In specific implementation, the conversion relationship between the audio data to be output of the audio object and the audio data to be input of the audio object is used for describing the audio transmission direction between different audio objects, so that in order to improve the configuration flexibility of the conversion relationship, the temporary conversion relationship and the default conversion relationship can be configured.

The configuration of these two conversion relationships is described below in connection with specific audio objects.

1. Configuration of default conversion relationships.

Fig. 4 is a schematic diagram of a path configuration interface provided in an embodiment of the present application, where the configurable audio object in fig. 4 includes: cellular phones, weChat, intercom applications (an application providing intercom services, such as an intercom-mounted application) and QQ conferences, the default conversion relationships configured by the user in FIG. 4 are:

default conversion relation 1: the intercom output- > is input by the cellular phone, namely the audio data to be output of intercom application is output by the cellular phone;

Default conversion relation 2: the output of the cellular phone- > intercom input, namely the audio data to be output of the cellular phone is output through intercom application;

default conversion relation 3: the micro-letter output- (intercom input) is that the audio data to be output of the micro-letter is output through intercom application.

In the three default conversion relations, the audio data to be output of each audio object is not output from the audio object, and the audio data to be output of the cellular phone and the audio data to be output of the WeChat can be output through intercom application, so that the audio data to be output of at least two audio objects can be used as input of other audio objects together.

In addition, the access configuration interface can also display a determination button and a cancel button, the configuration is not effective when the cancel button is clicked, and the configuration can be effective all the time when the determination button is clicked.

2. Configuration of temporary conversion relations.

In practice, the user may already be in a talk state, but may want to invite new members to the talk via other applications or cellular phones. For this, when the audio data of the second audio object is call data, the processor 301 may further display an access button on the call interface, display an accessible audio object in response to a trigger operation of the access button, determine a first audio object from among the accessible audio objects in response to an audio object selection operation, and save a temporary conversion relationship between the audio data to be output of the first audio object and the audio data to be input of the second audio object.

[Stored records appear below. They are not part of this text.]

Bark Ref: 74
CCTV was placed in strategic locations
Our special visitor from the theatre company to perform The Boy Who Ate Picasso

Fig. 5 is a schematic diagram of a call interface of an intercom application provided in the embodiment of the present application, when in an intercom state, an access button may be displayed on the call interface, a user may display an accessible application or a cellular phone by clicking the access button, if the user wants to access a QQ conference, a contact in the QQ may be displayed after the user clicks an icon of the QQ conference, and clicking a certain contact may invite the contact to join in a call. In addition, after determining that the user clicks the QQ conference, a temporary conversion relationship 5 may also be established: QQ conference output- (talkback input), namely audio data to be output of the QQ conference is output through the talkback application.

In this case, the user generally only wants to establish a temporary conversion relationship between the output of the first audio object to the input of the second audio object, so that it is possible to configure a single time and a single time.

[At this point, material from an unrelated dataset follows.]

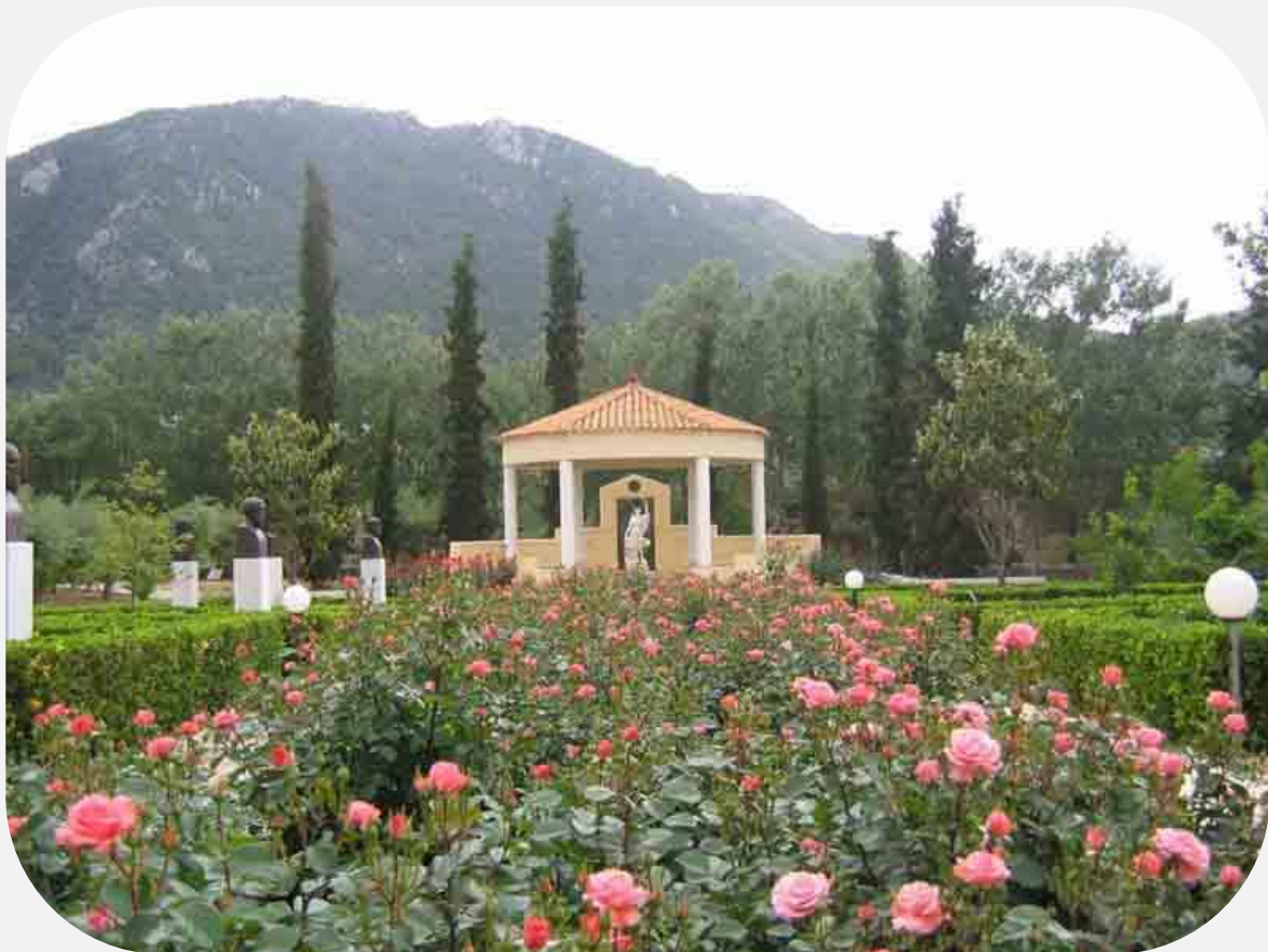
Historic Rose Garden, Greece

In the implementation, the default conversion relationship and the temporary conversion relationship can be recorded in a map table mode, in the map table, the source of each conversion relationship is an audio object corresponding to audio data to be output, the output target sink is an audio object corresponding to the audio data to be input, and the map table can be stored in an extensible markup language (eXtensible Markup Language, xml) or other configuration file mode.

The priority of the temporary conversion relationship may be set higher than the default conversion relationship in order to avoid a collision between the default conversion relationship and the temporary conversion relationship. Therefore, when determining whether there is a second audio object that takes the audio data to be output of the first audio object as input based on the conversion relationship between the audio data to be output of the saved audio object and the audio data to be input of the audio object, the processor 301 is specifically configured to determine whether there is a second audio object that takes the audio data to be output of the first audio object as input based on the temporary conversion relationship between the audio data to be output of the saved audio object and the audio data to be input of the audio object, and when not, determine whether there is a second audio object that takes the audio data to be output of the first audio object as input based on the default conversion relationship between the audio data to be output of the saved audio object and the audio data to be input of the audio object.

In particular, the conversion performed when converting the audio data to be output of the first audio object into the audio data to be input of the second audio object includes operations such as encapsulation format conversion, bit width conversion, resampling, etc., and is aimed at converting the audio data to be output of the first audio object into audio data conforming to the input format requirement of the second audio object.

In some scenarios, the second audio object does not currently have audio data to be input, and the processor 301 may directly send the converted audio data to be input to the second audio object for processing. In other scenarios, the second audio object currently has audio data to be input, and the processor 301 may further perform mixing processing on the current audio data to be input and the converted audio data to be input to obtain mixed input audio data, and send the mixed input audio data to the second audio object for processing, so that an opposite end (another terminal) in communication with the terminal may simultaneously receive the output audio data of the first audio object and the input audio data of the second audio object.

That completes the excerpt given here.